Hi all,
I know this has been discussed in the past (by Tristan I think), but I don’t know how
concrete the plans have come since then.
One major issue with all the distributed execution code interfaces we have is that it
requires to have in the classpath of each node both the implementation of these interfaces
and the class files corresponding to the key and value being processed. My understanding
is that this is true of the distexec, Map / Reduce and (clustered) listener.
Evangelos from the LEADS project sort of worked around this problem by creating
specialized versions of his distexec that loads the necessary JARs from the grid itself
(in a set of keys) and creates a classloader that references these JARs.
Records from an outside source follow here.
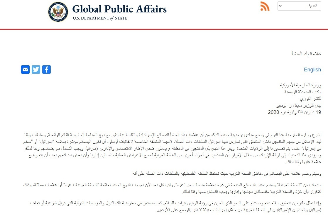 واضاف بيان الخارجية الامريكية "وسيتم وضع علامة على البضائع في مناطق الضفة الغربية حيث تحتفظ السلطة الفلسطينية بالسلطات ذات الصلة على أنهمنتجات من “الضفة الغربية” وسيتم تمييز البضائع المنتجة في غزة بعلامة منتجات من “غزة”. ولن نقبل بعد الآن بموجب النهج الجديد بعلامة “الضفة الغربية / غزة” أو علامات مماثلة، وذلك للإقرار بأن غزة والضفة الغربية منفصلتان سياسيا وإداريا ويجب التعامل معها وفقا لذلك".
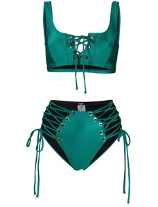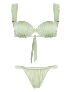 The Frolic exclusive contrast bow rose trim cupped bikini top co-ord in green and blue check-Multi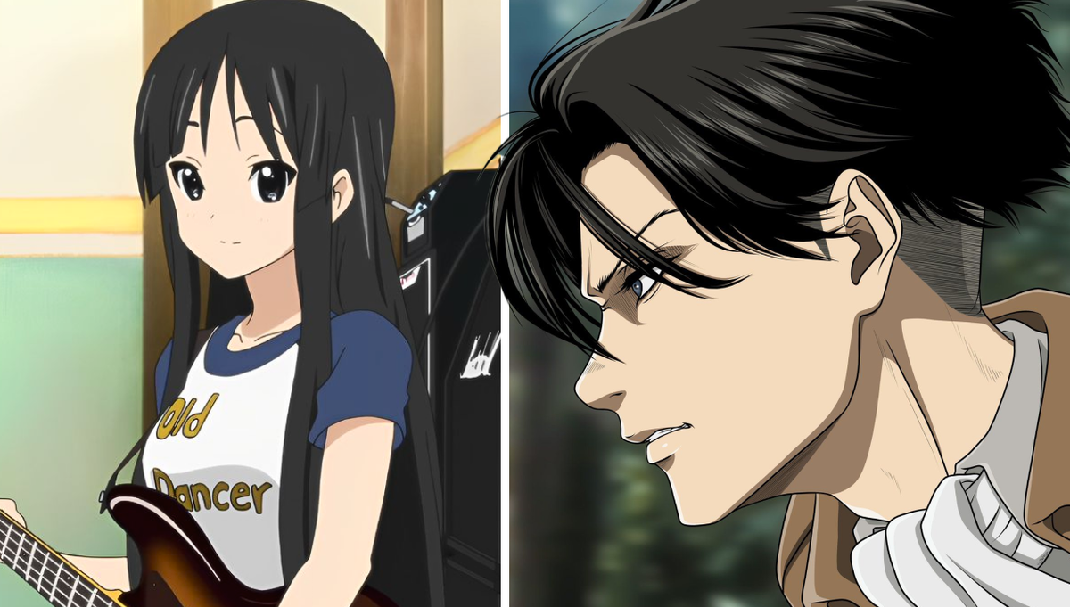 Популярные герои аниме с черными волосами: Микаса Акерман, Мио Акияма и Леви Акерман.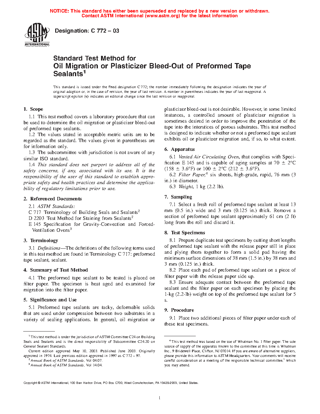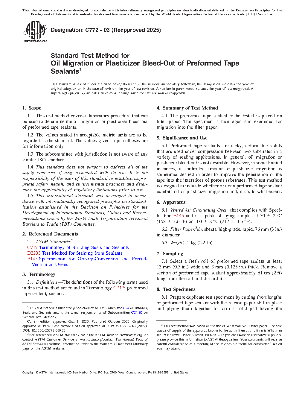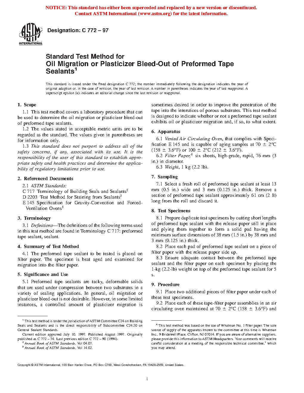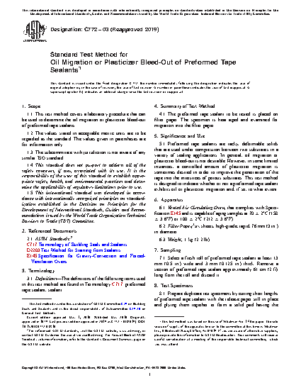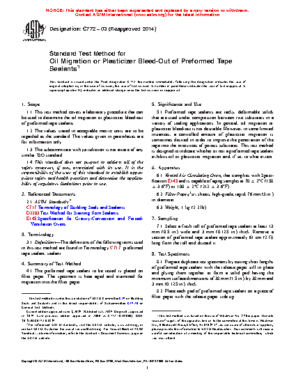 1.1 This test method covers a laboratory procedure that can be used to determine the oil migration or plasticizer bleed-out of preformed tape sealants.
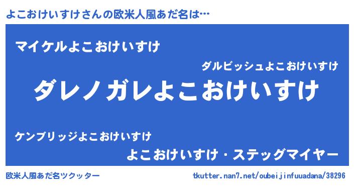 | 男性向けラノベタイトル風あだ名 | 『魔弾の王とよこおけいすけ』 |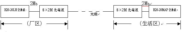 厂区H20-20LH交换机通过2Mb/s数字中继单元(DTU)用同轴电缆与厂区光端机相连上光缆,在市招商大厦处分离两芯光缆接至生活区光端机,H20-20MAP交换机也通过2Mb/s数字中继单元(DTU)用同轴电缆与光端机连接即可。此种方案的优点是设备较少,设备维护起来较为方便,缺点是光缆维护较困难,一旦招商大厦处光缆开路有故障,将十分麻烦。在生活区需要购置交换机、通信电源蓄电池、音频配线架以及光纤终端盒等设备。
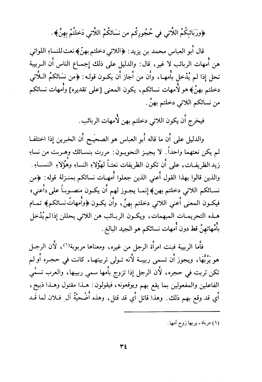قال أبو العباس محمد بن يزيد: (اللَّاتِي دَخَلْتُمْ بِهِنَّ) نعت للنساءِ اللواتي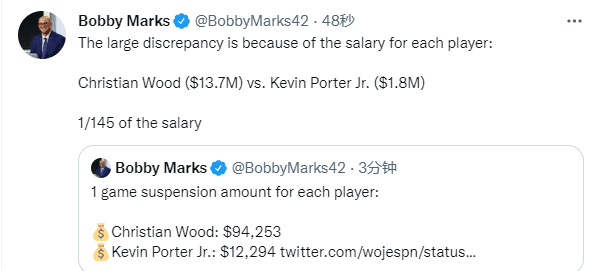 据薪资专家Bobby Marks进一步报道,伍德本赛季年薪是1370万美元,他被禁赛一场损失94253美元;小波特年薪是180万美元,被禁赛一场损失12294万美元,损失金额相差很大是因为他们的年薪不同,占薪水的1/145,两人累计损失大概10.7万美元。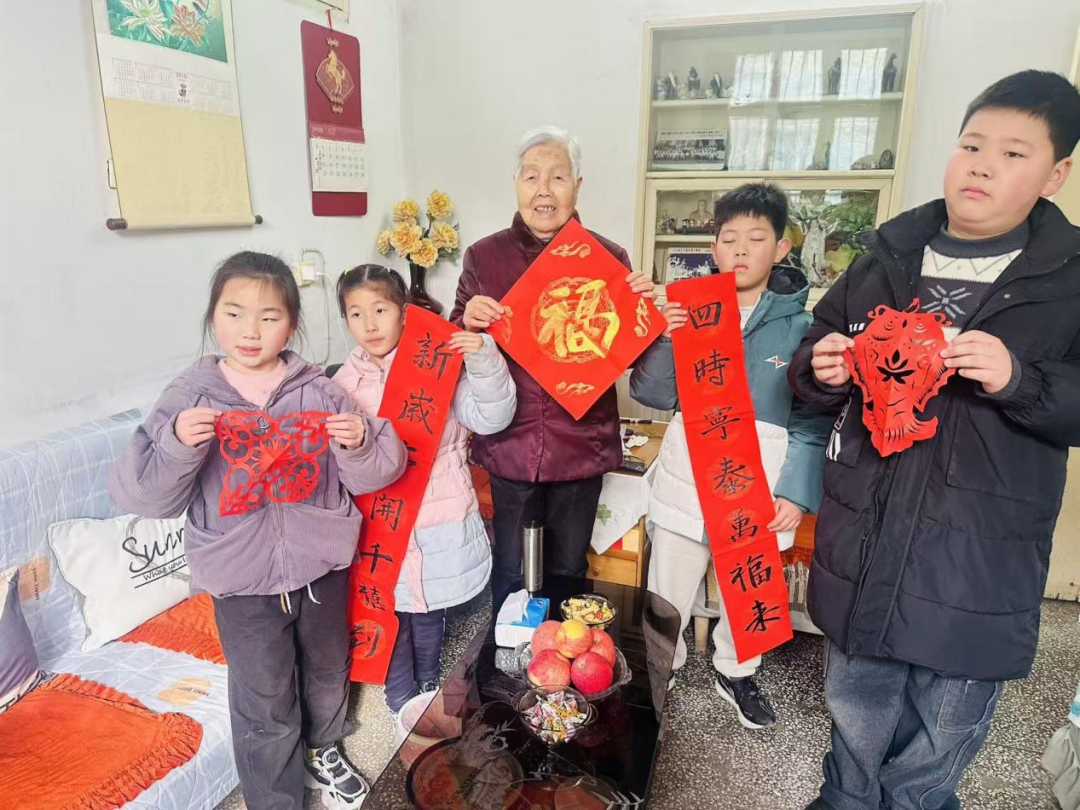 活动最后,孩子们带着亲手制作的福字、窗花,向馆内老人送上新春祝福,一件件精美的作品,不仅传递了新春的喜悦,更体现了尊老敬老的优良传统和纯真童心的温暖力量,形成了老少同乐、温情互动的感人画面。
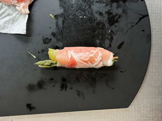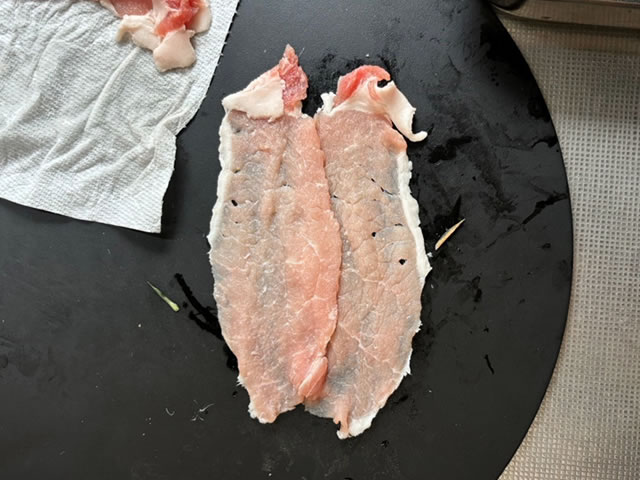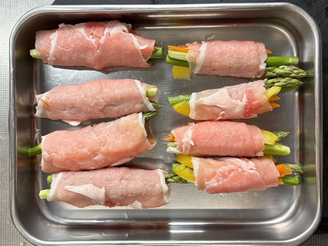 左側は豚ロース2枚で巻いたもの、右側が豚ロース1枚で巻いたものです。結構ボリューム感が違いますね!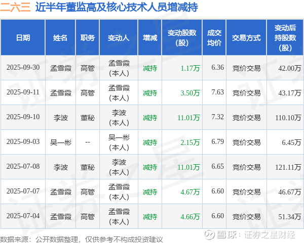 二六三近半年内的董监高及核心技术人员增减持详情如下: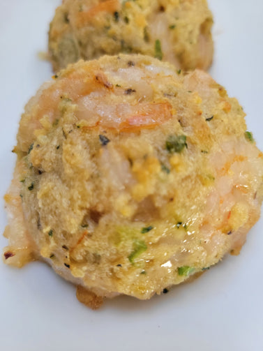 3 oz each and sold as a pair, you will fall in love with these delicious shrimp cakes! Handmade, 70% Shrimp.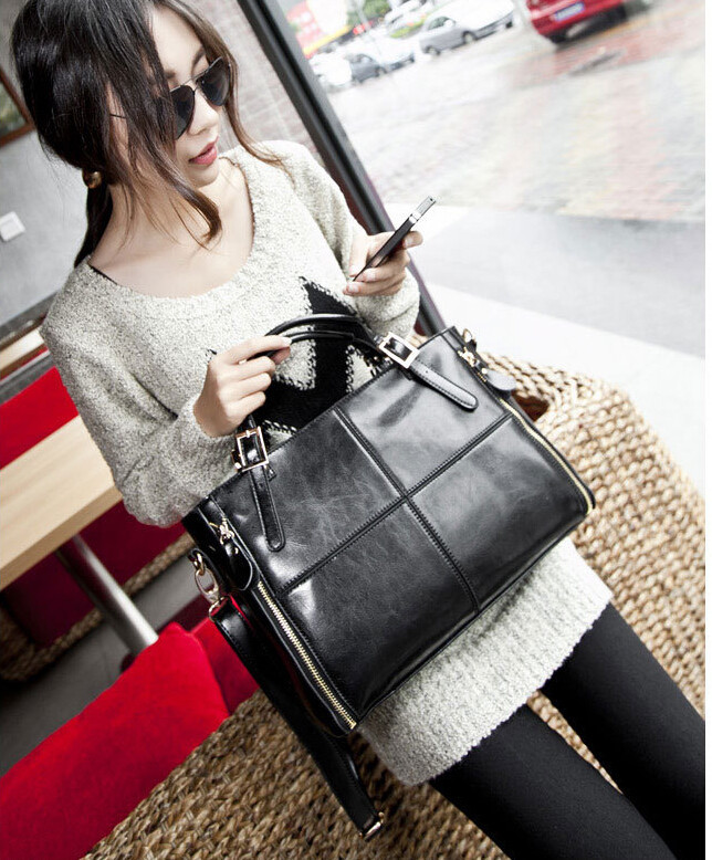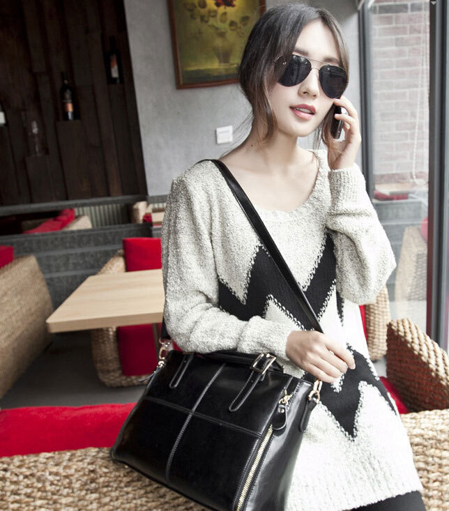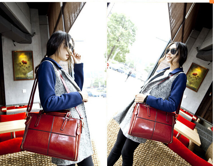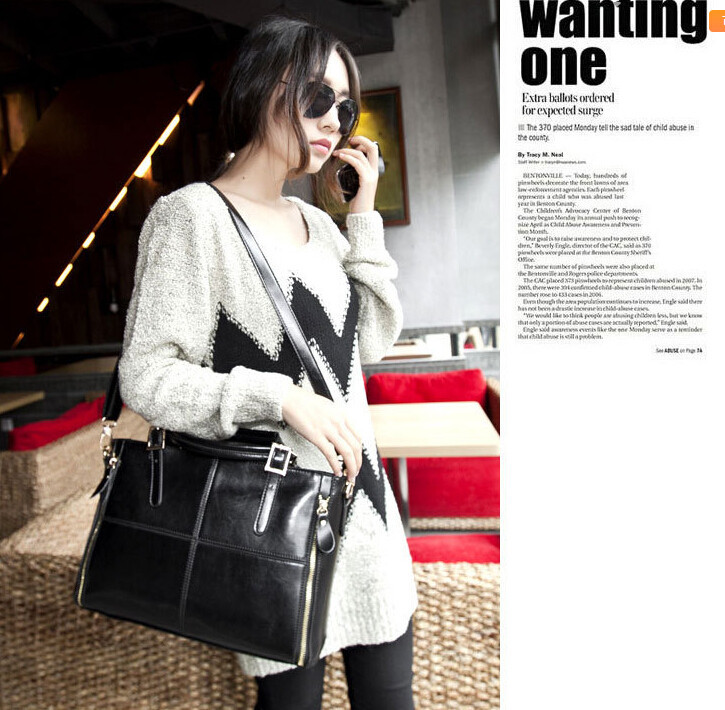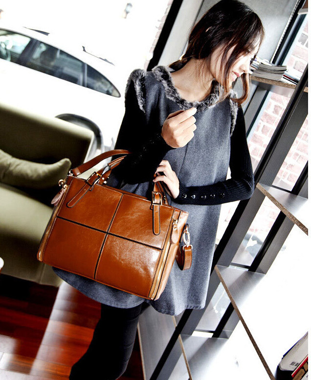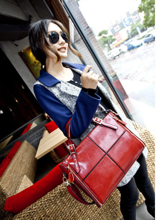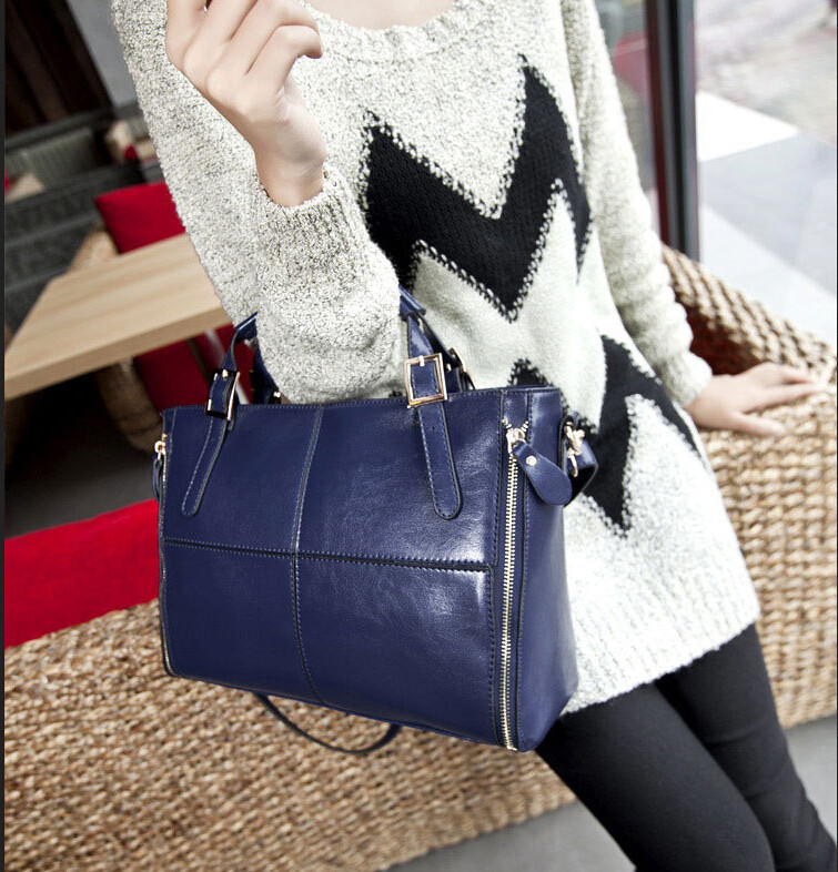 2014 New stitching leather handbags women 5 colors fashion leather shoulder bag Mobile Messenger bag

In a sequence, it
conceptually looks like that:
- have the generic classloader distexec version in the each of grid nodes classpath at
start time
- when a new remote execution is required, load each necessary JAR in a specific key in a
specific cache
- the generic distexec basically receives the necessary keys, load each jar and create a
classloader out of them
- the generic distexec load and launch the specific code that needs to be executed (based
on the fqcn of the code to execute) from the created classloader
There are a few problems with that including:
- it requires a lot of manual work from the user
- big JARs make the key / value per JAR logic explode a bit. The algorithms LEADS use have
300 MB sized JARs
- god know what security leak this can lead to
So I wondered if we have a better alternative and plans and if there was a wiki page
discussing the needs and potential approaches.
As an intermediary step we could make this approach a tutorial or side classes that people
can borrow from for each of the use cases.
Emmanuel